### Records contained in a dataset
━━━━━━━━━━━━━━━━━━━━━━━━━━━━━━

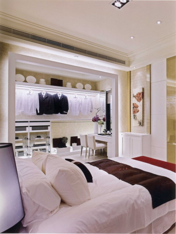 這一邊則是一個(gè)寬大的衣帽間在。衣帽間的出現(xiàn)就避免了衣柜的存在,也避免了收納家具的出現(xiàn)??偨Y(jié)本案,小編帶我們走完這個(gè)公寓大宅,設(shè)計(jì)師運(yùn)用透亮材質(zhì),層層串聯(lián)全室,同樣精準(zhǔn)掌握建材特性,規(guī)劃合宜的動(dòng)線、格局,心情詮釋居住者需求的美式新古典居邸。
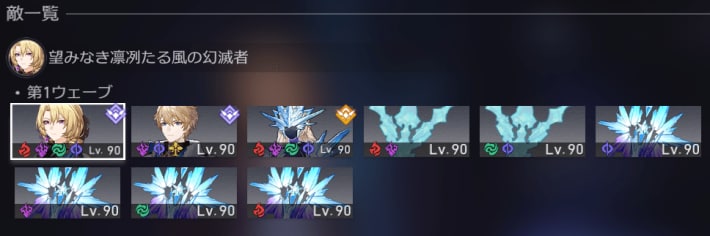 末日の幻影には4つの難易度が用意されており、すべての難易度で出現するボスは共通となっている。そのため、4つの難易度全てを同じ編成でクリアすることも可能だ。
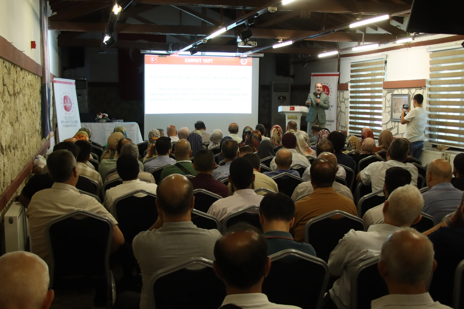 Konferansa Vali Uğur Turan, Aile ve Sosyal Hizmetler İl Müdür Yardımcıları Mehmet Karaman ve Remziye Algın ile din görevlileri katıldı.
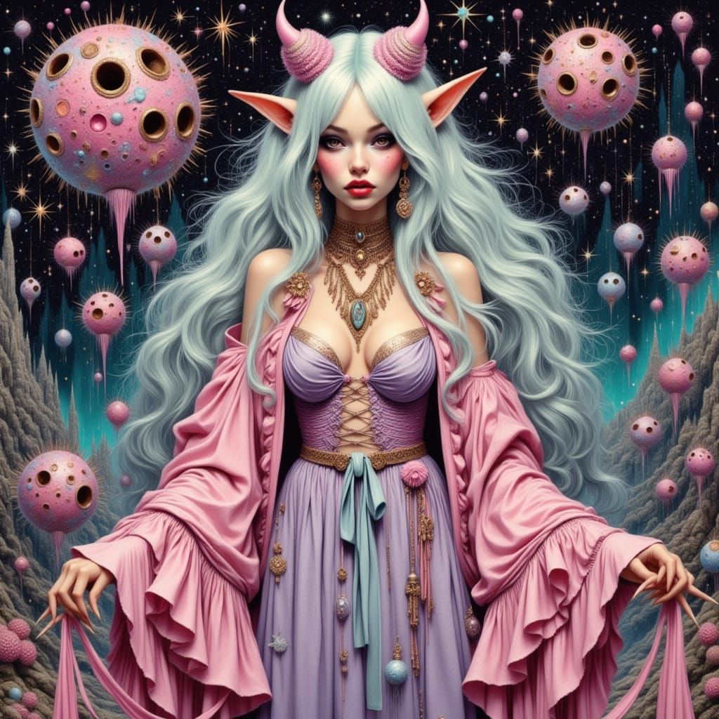 Easily generate unique satanic elf art and pop surrealist paintings for free with our AI image generator.
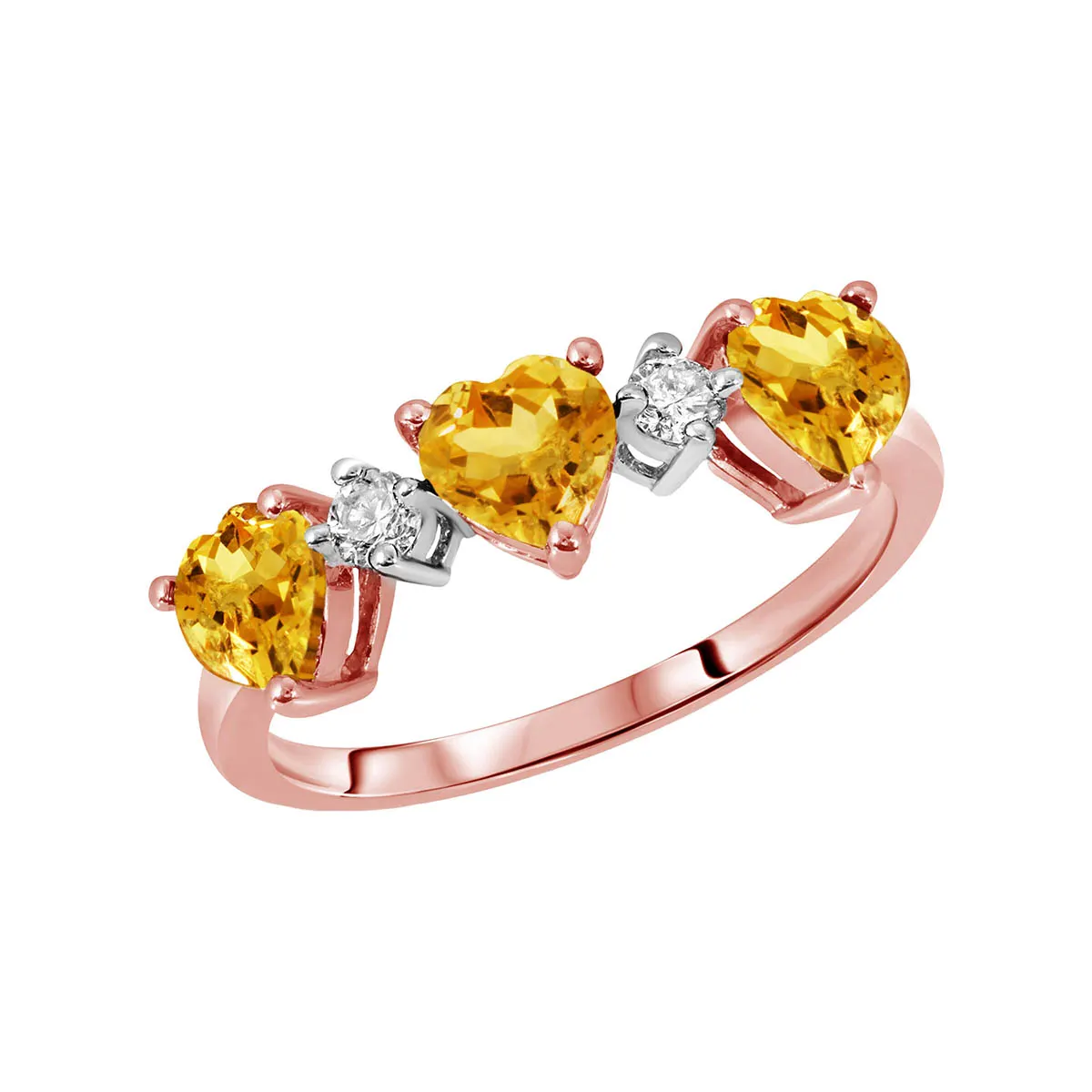 Citrine & Diamond Ring handcrafted in solid 18ct rose gold. Three genuine citrines, total 1.35 ct, two diamonds, total 0.15 ct. Heart shaped. Available from sizes H to Z including half sizes. Size: 5.6 mm (0.22 in). Material: 18ct Rose Gold. Total metal weight: 2.6 gr. 3 heart shaped citrines (5 x 5 mm) = 1.35 ct total. 2 round cut diamonds (K colour, SI1 clarity) = 0.15 ct total. Colour: Orange. Stone cut: Heart Shaped. Anniversary: 13th Anniversary. Birthstone: November.
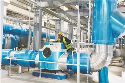 埃及新行政首都中央商務(wù)區(qū)項目能源中心設(shè)置的變頻空調(diào)水泵,為空調(diào)系統(tǒng)循環(huán)提供動力,通過變頻調(diào)節(jié)實現(xiàn)節(jié)省電能的目的。圖為工作人員對水泵進行檢查和維護。
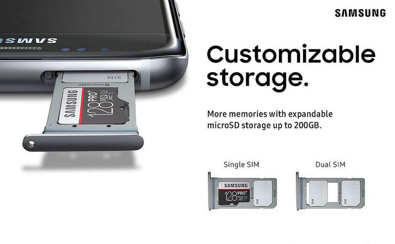 Trên trang giới thiệu sản phẩm, Samsung hé lộ thêm một chi tiết quan trọng của Galaxy S9, với ký hiệu SM-G960F/DS. Trong đó DS rất có thể là phiên bản 2 sim của mẫu smartphone này. Tương tự như Galaxy Note 8 và S8 Plus, khi người dùng sử dụng 2 sim song song trên khay sim kép thì sẽ không thể sử dụng khe cắm thẻ nhớ Micro-SD mở rộng.
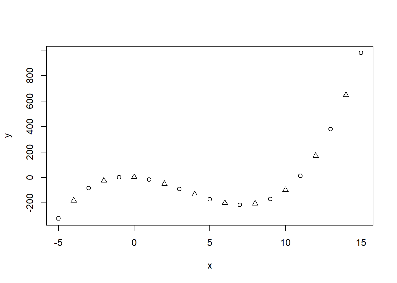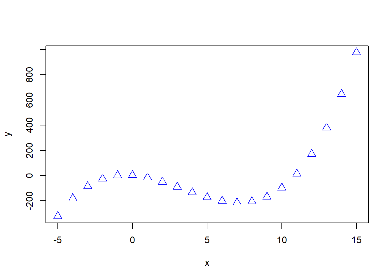 plot(x, y, pch = 2, col = "blue", cex = 1.5)
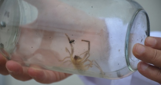 Diğer örümcek türlerinden farklı olan ve Bilecik'te ilk defa görülen 'Sarı Kız' için önlemler alındı. Bilecik Belediyesi Sokak Hayvanları Tedavi ve Rehabilitasyon Merkezinde bir kavanoz içinde muhafaza edilen örümcek; böcek, sinek ve et ile besleniyor.
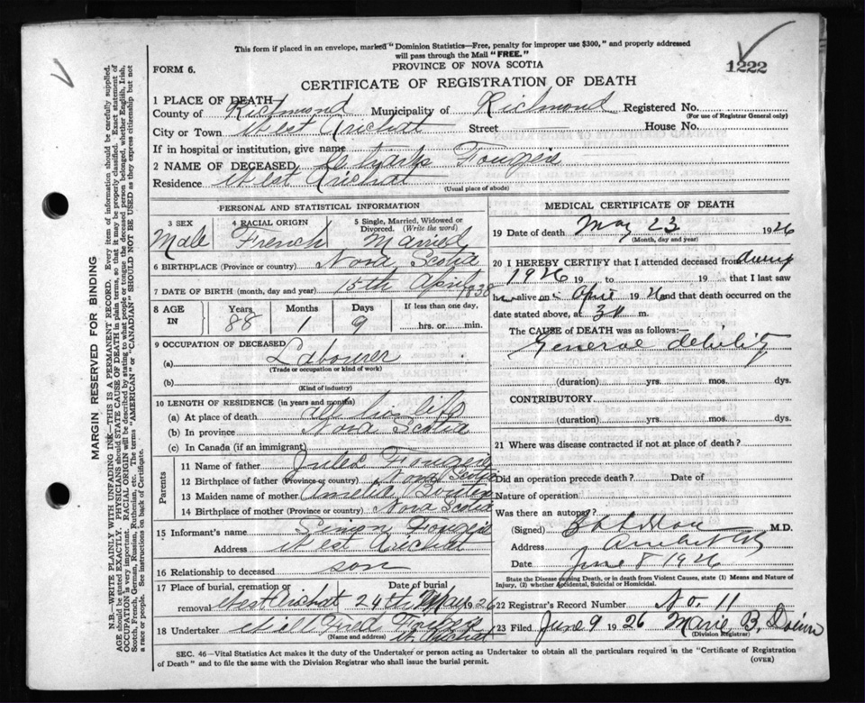 Male Death Registration: Year: 1926 file: 102 number: 1222
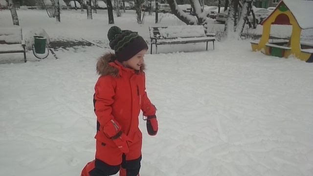Играем в снежки с папой на детской площадке

━━━━━━━━━━━━━━━━━━━━━━━━━━━━━━

### WHAT IS EXPECTED
Reproduce all entries without any change, and omit the pictures.

### YOUR RESPONSE
 這一邊則是一個(gè)寬大的衣帽間在。衣帽間的出現(xiàn)就避免了衣柜的存在,也避免了收納家具的出現(xiàn)??偨Y(jié)本案,小編帶我們走完這個(gè)公寓大宅,設(shè)計(jì)師運(yùn)用透亮材質(zhì),層層串聯(lián)全室,同樣精準(zhǔn)掌握建材特性,規(guī)劃合宜的動(dòng)線、格局,心情詮釋居住者需求的美式新古典居邸。
 末日の幻影には4つの難易度が用意されており、すべての難易度で出現するボスは共通となっている。そのため、4つの難易度全てを同じ編成でクリアすることも可能だ。
 Konferansa Vali Uğur Turan, Aile ve Sosyal Hizmetler İl Müdür Yardımcıları Mehmet Karaman ve Remziye Algın ile din görevlileri katıldı.
 Easily generate unique satanic elf art and pop surrealist paintings for free with our AI image generator.
 Citrine & Diamond Ring handcrafted in solid 18ct rose gold. Three genuine citrines, total 1.35 ct, two diamonds, total 0.15 ct. Heart shaped. Available from sizes H to Z including half sizes. Size: 5.6 mm (0.22 in). Material: 18ct Rose Gold. Total metal weight: 2.6 gr. 3 heart shaped citrines (5 x 5 mm) = 1.35 ct total. 2 round cut diamonds (K colour, SI1 clarity) = 0.15 ct total. Colour: Orange. Stone cut: Heart Shaped. Anniversary: 13th Anniversary. Birthstone: November.
 埃及新行政首都中央商務(wù)區(qū)項目能源中心設(shè)置的變頻空調(diào)水泵,為空調(diào)系統(tǒng)循環(huán)提供動力,通過變頻調(diào)節(jié)實現(xiàn)節(jié)省電能的目的。圖為工作人員對水泵進行檢查和維護。
 Trên trang giới thiệu sản phẩm, Samsung hé lộ thêm một chi tiết quan trọng của Galaxy S9, với ký hiệu SM-G960F/DS. Trong đó DS rất có thể là phiên bản 2 sim của mẫu smartphone này. Tương tự như Galaxy Note 8 và S8 Plus, khi người dùng sử dụng 2 sim song song trên khay sim kép thì sẽ không thể sử dụng khe cắm thẻ nhớ Micro-SD mở rộng.
 plot(x, y, pch = 2, col = "blue", cex = 1.5)
 Diğer örümcek türlerinden farklı olan ve Bilecik'te ilk defa görülen 'Sarı Kız' için önlemler alındı. Bilecik Belediyesi Sokak Hayvanları Tedavi ve Rehabilitasyon Merkezinde bir kavanoz içinde muhafaza edilen örümcek; böcek, sinek ve et ile besleniyor.
 Male Death Registration: Year: 1926 file: 102 number: 1222
Играем в снежки с папой на детской площадке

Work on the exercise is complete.